# Question #e40e5

Nov 16, 2017

The function is convex on $\left(- \frac{\pi}{2} , 0\right) \cup \left(\frac{\pi}{2} , \pi\right)$ and is concave on $\left(- \pi , - \frac{\pi}{2}\right) \cup \left(0 , \frac{\pi}{2}\right)$.

#### Explanation:

First, note that $f$ is convex at $x = a$ when $f ' ' \left(a\right) > 0$ and $f$ is concave at $x = a$ when $f ' ' \left(a\right) < 0$.
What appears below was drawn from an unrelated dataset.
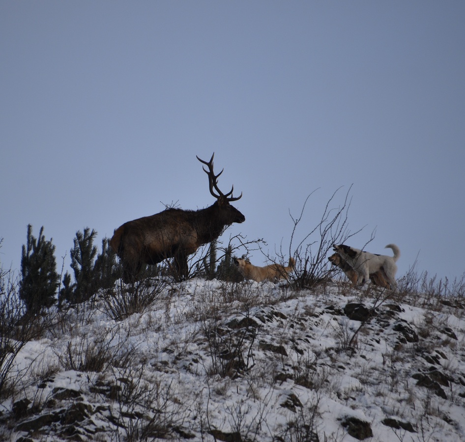 Сотрудник отдела экологического просвещения национального парка, гуляя на территории в первые дни наступившего года, стала свидетелем охоты стаи собак на маралов. В данном случае, благодаря противостоянию взрослых самцов копытных и отсутствию снежного наста, трагедии удалось избежать. Маралы отбились от псов. Но так бывает, увы, не всегда.

So, we need to find this function's second derivative and then examine when it's positive (the function is convex) and when the second derivative is negative (the function is concave).

We'll use the trigonometric derivatives $\frac{d}{\mathrm{dx}} \tan x = {\sec}^{2} x$ and $\frac{d}{\mathrm{dx}} \sec x = \sec x \tan x$.

$f \left(x\right) = 2 x - \tan x$

$f ' \left(x\right) = 2 - {\left(\sec x\right)}^{2}$

To find the next derivative, we'll need to use the chain rule.

$f ' ' \left(x\right) = - 2 {\left(\sec x\right)}^{2 - 1} \frac{d}{\mathrm{dx}} \sec x = - 2 \sec x \left(\sec x \tan x\right) = - 2 {\sec}^{2} x \tan x$

It will be easier to think about when this is positive and negative to think about it in basic terms: sine and cosine.

$f ' ' \left(x\right) = - 2 \frac{1}{\cos} ^ 2 x \sin \frac{x}{\cos} x = \frac{- 2 \sin x}{\cos} ^ 3 x$

• $\text{QIII}$

Here, $\sin x < 0$ and $\cos x < 0$. (Note then that ${\cos}^{3} x < 0$ as well.)

Using a very rough notation in which I only denote positives and negatives for $\frac{- 2 \sin x}{\cos} ^ 3 x$, we see that

$f ' ' \left(x\right) = \frac{- \left(-\right)}{-} = -$

So $f$ is concave on $- \pi < x < - \frac{\pi}{2}$.

• $\text{QIV}$

Here, $\sin x < 0$ and $\cos x > 0$, so ${\cos}^{3} x > 0$. Then

$f ' ' \left(x\right) = \frac{- \left(-\right)}{+} = +$

So $f$ is convex on $- \frac{\pi}{2} < x < 0$.

• $\text{QI}$

Wherein $\sin x > 0 , \cos x > 0 , {\cos}^{3} x > 0$, so

$f ' ' \left(x\right) = \frac{- \left(+\right)}{+} = -$

And $f$ is concave on $0 < x < \frac{\pi}{2}$.

• $\text{QII}$

Here $\sin x > 0$ but $\cos x < 0 , {\cos}^{3} x < 0$, so

$f ' ' \left(x\right) = \frac{- \left(-\right)}{+} = +$

So $f$ is convex on $\frac{\pi}{2} < x < \pi$.